Alegría y tristeza a la vez. El hijo creció, quiere su espacio propio, separado de sus padres para realizar sus proyectos o para constituir su propia familia.

 

Durante muchos años se compartió tanto, y la convivencia cotidiana enlazó las vidas con afecto, con dificultades, con conflictos. En fin, con experiencias compartidas, con un código común de lenguaje oral y gestual, que sólo desde el “nosotros”, con una determinada historia es posible desentrañar.

 

Las madres, sobre todo, sentimos a los hijos tan nuestros que solamente un constante ejercicio de la inteligencia y el amor nos permiten ir logrando el respeto a la autonomía del hijo que crece.

 

Cuando los hijos dejan el hogar familiar, hay un vacío, en una cama, en una silla; hay un placard sin ropa y desaparecieron los objetos que los identificaban. Hay también menos ruido, ni música fuerte ni gritos, no hay tantas bromas: es una pérdida, con todo lo que significan las pérdidas.

 

Las pérdidas duelen, conducen a un replanteo de la vida, señalan la transitoriedad de la existencia. En la vida de los padres, junto con la independencia de los hijos se dan otras pérdidas: amigos, padres, etc.

 

Sin embargo, la salida de los hijos, en la medida que hayamos podido crecer en el amor, es también un gozo. El hijo tiene una vida propia. Tiene su casa, con un estilo propio, distinto de la familia. Tiene nuevos amigos, que no conocemos, horarios y tiempos distintos.

 

Todo este cambio es muy bueno. Es construir la propia vida, es darle color a los propios espacios solo o en una nueva familia.
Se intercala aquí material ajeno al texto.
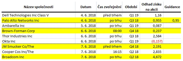 Které světové firmy představí výsledky hospodaření za uplynulý kvartál v týdnu od 4. června a jaké zisky v rámci indexu S&P 500 a od jednotlivých společností očekávají analytici oslovení agenturami Thomson Reuters a Bloomberg?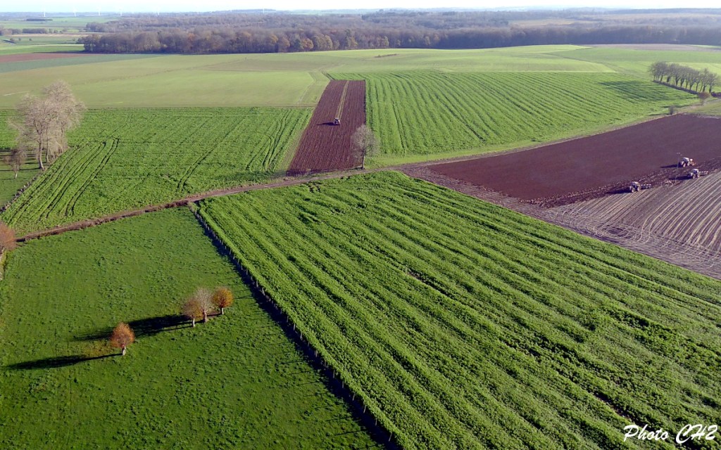 Le Souich est donc devenu le fief nordiste des Pancho Villa et Donquichotte en guerre contre les moulins à vent. Le Kapiste du Souich, qui est un des rares cerf-voliste de l’hexagone disposant d’une piste de décollage derrière sa maison, a donc accroché, 5 années après ses premières photos aériennes, sa nacelle radiocommandée. Entre les deux séries de prises de vues, 24 éoliennes se sont ajoutées aux 6 prévues initialement. Le parc éolien d’Ivergny / Le Souich est donc désormais une réalité qui marquera, pour de longues années, l’horizon de cette grande plaine vivrière. Christian Deux n’est que le témoin volant de cette réalité contemporaine, il n’est ni le porte drapeau d’une fronde anti éoliennes, ni l’homme de la Mancha guerroyant contre les moulins à vent.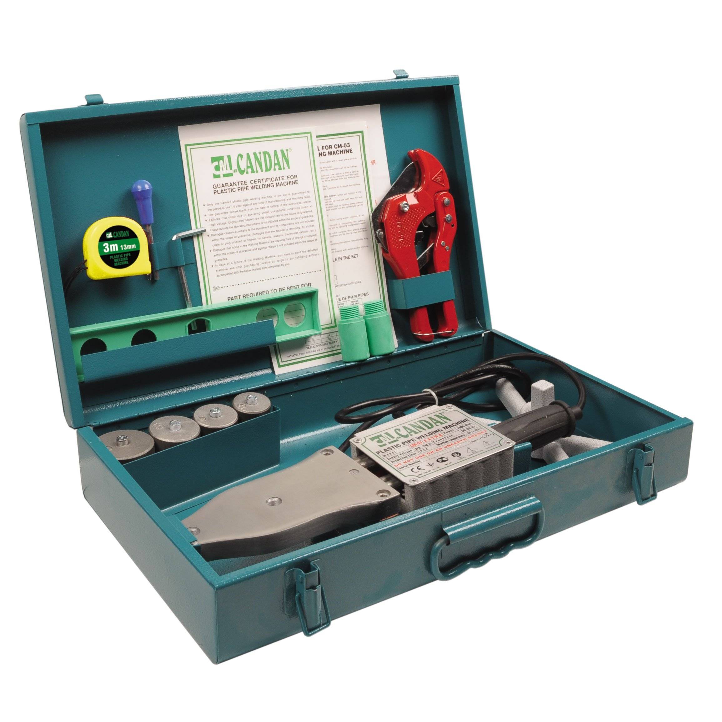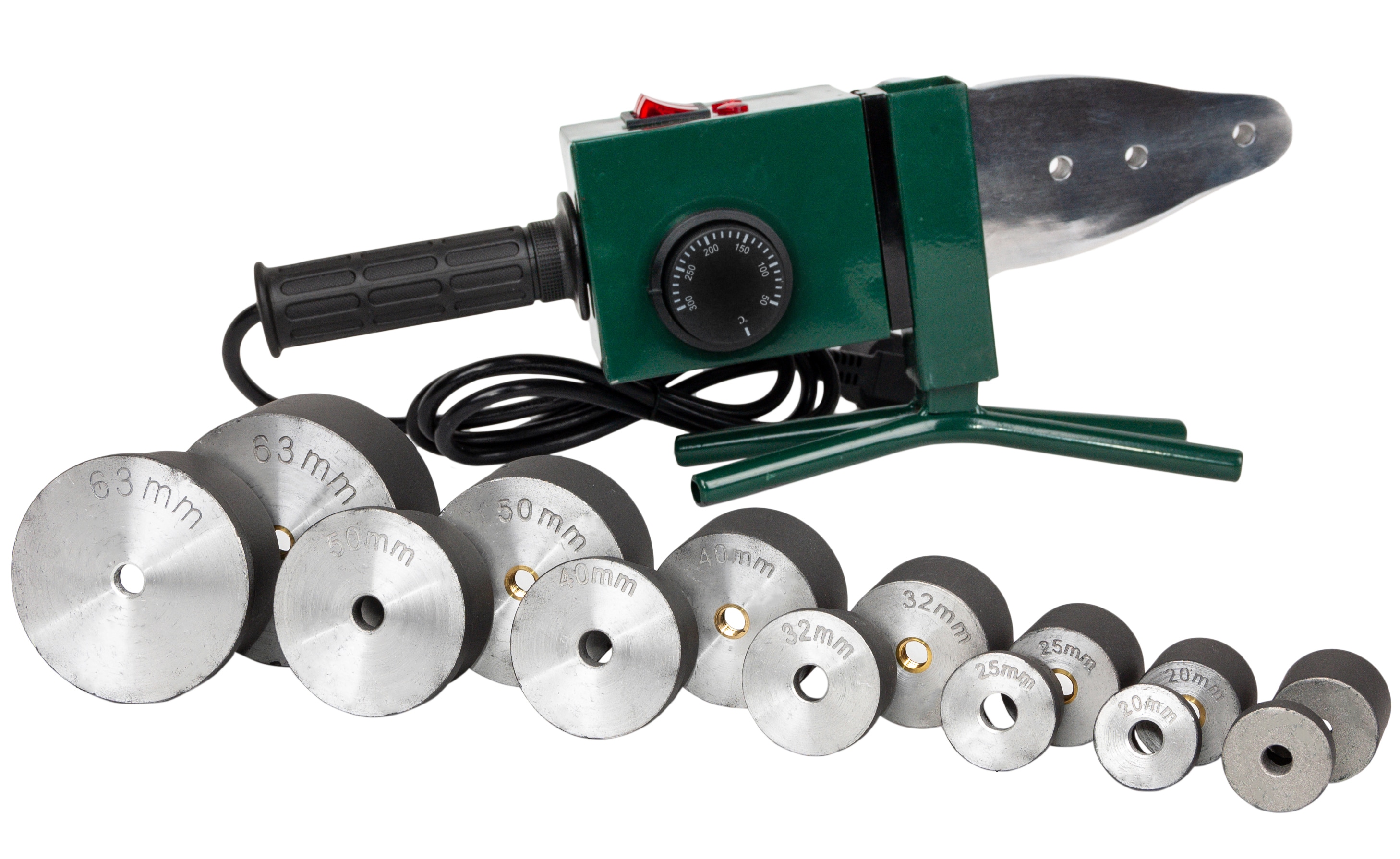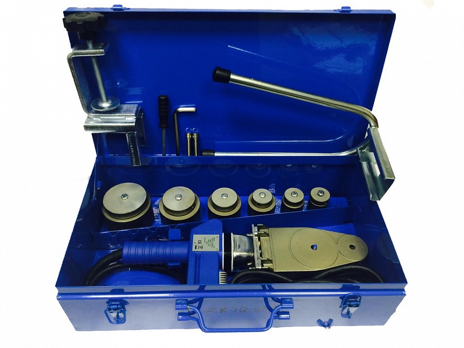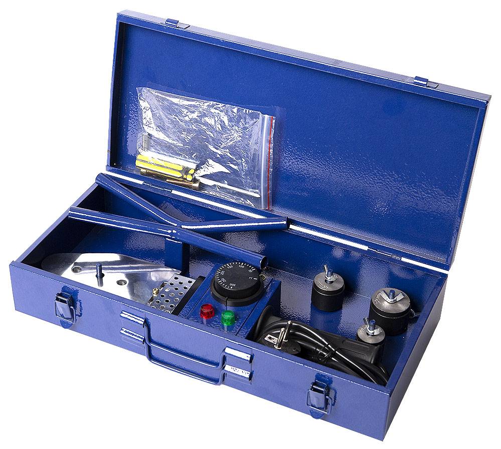 Avec ce kit, vous pouvez travailler avec des tuyaux en polypropylène d'un diamètre de 20 mm à 63 mm. Les têtes de tailles appropriées sont revêtues pour prolonger leur durée de vie. La puissance maximale du fer à souder est de 1 kW.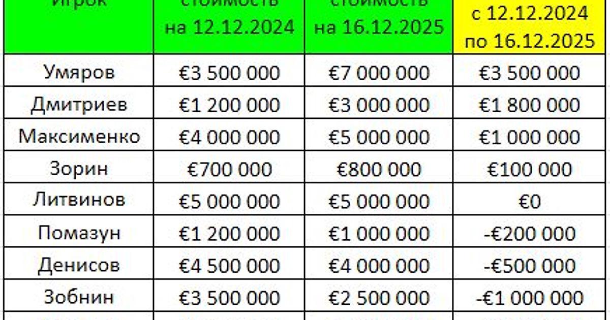 Наилучшую динамику за 2025 год показал лидер команды - Наиль Умяров (+ 3,5 млн.€), приятно удивил новичок команду - Игорь Дмитриев (+ 1,8 млн. €) и стабильный рост показывает страж ворот - Александр Максименко (+ 1 млн.€).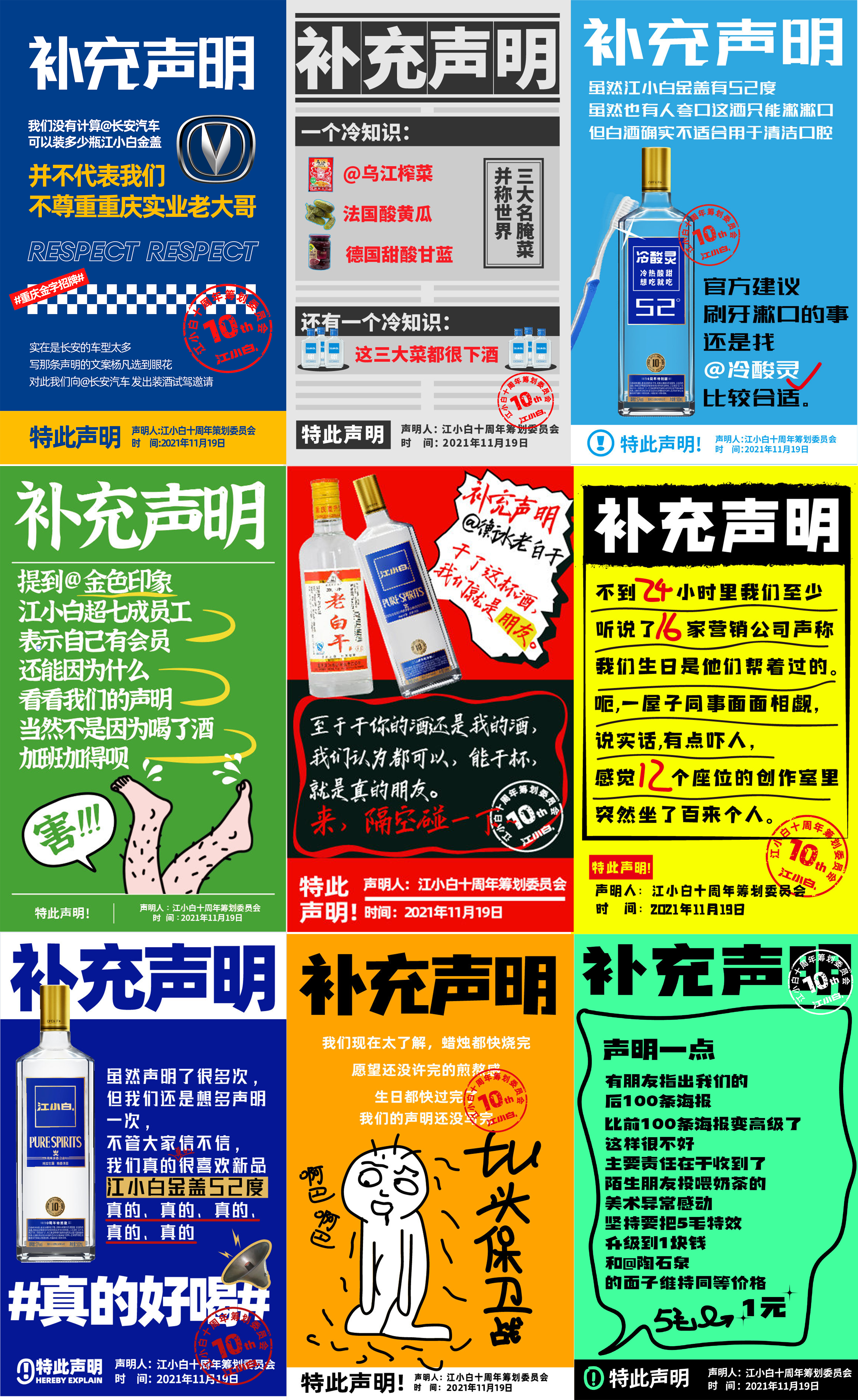 △ 江小白品牌十周年连发100张“特此声明”海报出圈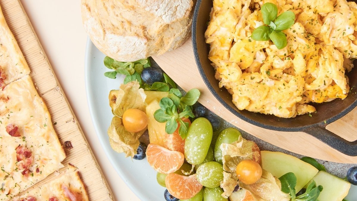 mit Rührei, Salatbeilage, Obst und einem Brötchen deiner Wahl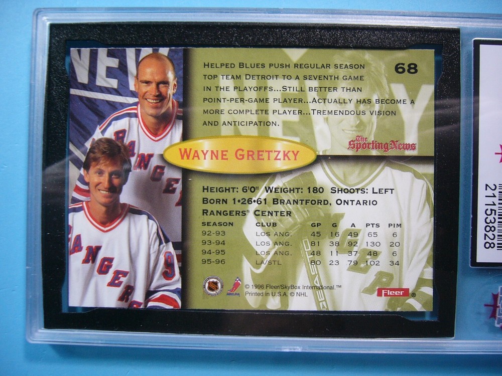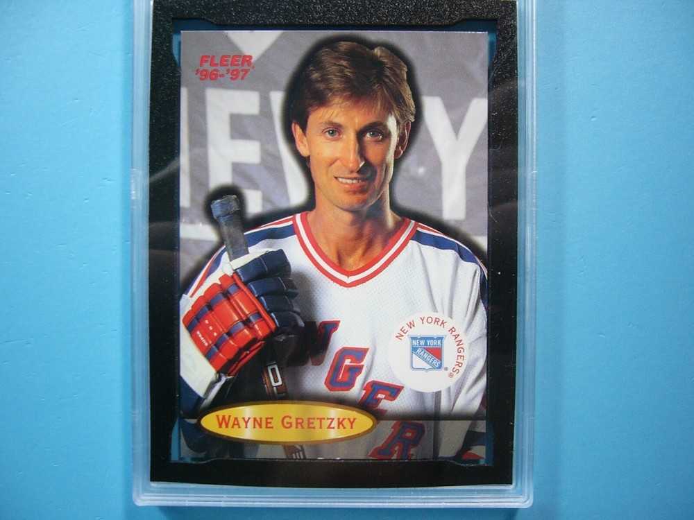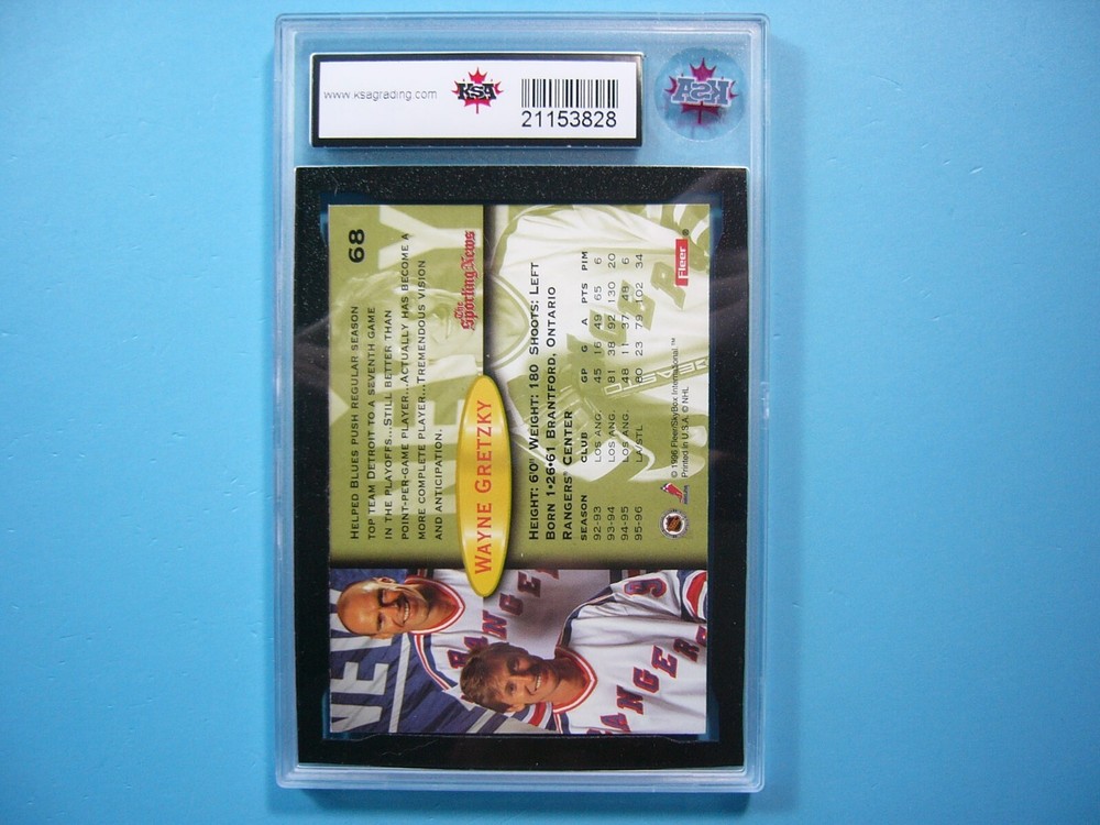 YOU ARE BIDDING ON A 1996/97 FLEER NHL HOCKEY CARD #68 WAYNE GRETZKY, NEW YORK RANGERS. CARD IS GRADED 10 BY KSA IN GEM MINT CONDITION. GREAT COLOUR & GLOSS--A SUPER SHARP, CLEAN & ATTRACTIVE KEY CARD FROM THIS VERY ATTRACTIVE VINTAGE NHL HOCKEY SET!!! THANK YOU FOR LOOKING AND GOOD LUCK!!! -------------------------------------------------------------------------------------------------------------------------------- SHIPPING WITHIN CANADA IS $4.99. SHIPPING TO THE UNITED STATES IS $8.99 AND INCLUDES TRACKING & INSURANCE. SHIPPING INTERNATIONALLY (ANYWHERE ELSE) IS $25.00 AND INCLUDES TRACKING & INSURANCE. ITEM WILL BE CAREFULLY PACKAGED SO AS NOT TO GET DAMAGED DURING SHIPPING. IF YOU ARE IN CANADA AND WOULD LIKE SHIPPING WITH TRACKING & INSURANCE INCLUDED COST IS $12.99. PLEASE CONTACT US BEFORE PAYMENT IS MADE TO ADJUST THE INVOICE ACCORDINGLY. WE DO COMBINE SHIPPING ON MULTIPLE PURCHASES--ONLY $1.00 MORE FOR EACH ADDITIONAL SINGLE GRADED CARD OR ONLY 25 CENTS MORE FOR EACH ADDITIONAL SINGLE UNGRADED CARD. TAKE A LOOK AT OUR OTHER AUCTIONS AND SAVE ON SHIPPING!!!

Es darle un sentido a un tiempo personal, que no es tiempo de dependencia sino de autonomía, y por lo tanto es creación desde la propia y más profunda identidad.

 

Gozamos por ellos, y también tememos. ¿Les irá bien? Las decisiones que toman, ¿serán las correctas? ¿Qué les pasará? ¿Les pude dar lo suficiente para enfrentar este mundo tan duro?

 

La distancia física, sin embargo, permite una distancia psicológica, tomar conciencia de que pueden actuar con sus propias fuerzas y desde sus propios deseos, con sus propios aciertos y sus propios errores. Y este es el núcleo de una comunicación distinta y adulta.

 

En especial, las madres tendemos a proteger a nuestros hijos. Si somos creyentes tenemos una certeza desde la fe que es consuelo y fuerza a la vez.

 

Sabemos que el amor de Dios los acompañará aun en las más difíciles circunstancias y los ama más que cualquier madre o padre, porque como dice el Salmo 139:

 

Tú creaste mis entrañas,

me plasmaste en el seno de mi madre:

te doy gracias porque fui formado

de manera tan admirable.

¡Qué maravillosas son tus obras!

Tú conocías hasta el fondo de mi alma

y nada de mi ser se te ocultaba…

 

También las madres no creyentes están fuertemente afianzadas desde su maternidad en el valor de la vida y en la esperanza de un mundo mejor para sus hijos.

 

Nuevo tiempo para los padres

 

No todo es preocupación por los hijos en la casa familiar. Los padres pueden descubrir nuevos espacios y nuevos tiempos. No siempre es incómodo el silencio. En un momento de la vida, los adultos, y especialmente los adultos mayores, necesitamos a veces ritmos pausados, voces quedas y charlas más serias.

 

Si los padres siguen juntos y unidos en el encanto de la relación de pareja, y en los intereses compartidos, la ausencia de los hijos renueva la relación.

 

Esto parece ser mucho más difícil en el caso de los padres separados o ausentes, a quienes se les hace muy doloroso aceptar con generosidad la ausencia de los hijos.

 

La casa más silenciosa, además de permitir un mayor encuentro, ofrece, especialmente a la mujer, la posibilidad de un encuentro con los deseos e intereses postergados.

 

Es bien sabido que las madres aun teniendo su propio trabajo fuera del hogar, somos más responsables de las personas, del cuidado de la vida familiar y del orden de la casa. Los hijos mayores e independientes que permanecen en el hogar familiar, siguen esperando atenciones y cuidados de sus mamás. Las madres cumplimos con esa exigencia ancestral, pero en este momento histórico, muchas veces lo hacemos en conflicto con nuestros propios intereses.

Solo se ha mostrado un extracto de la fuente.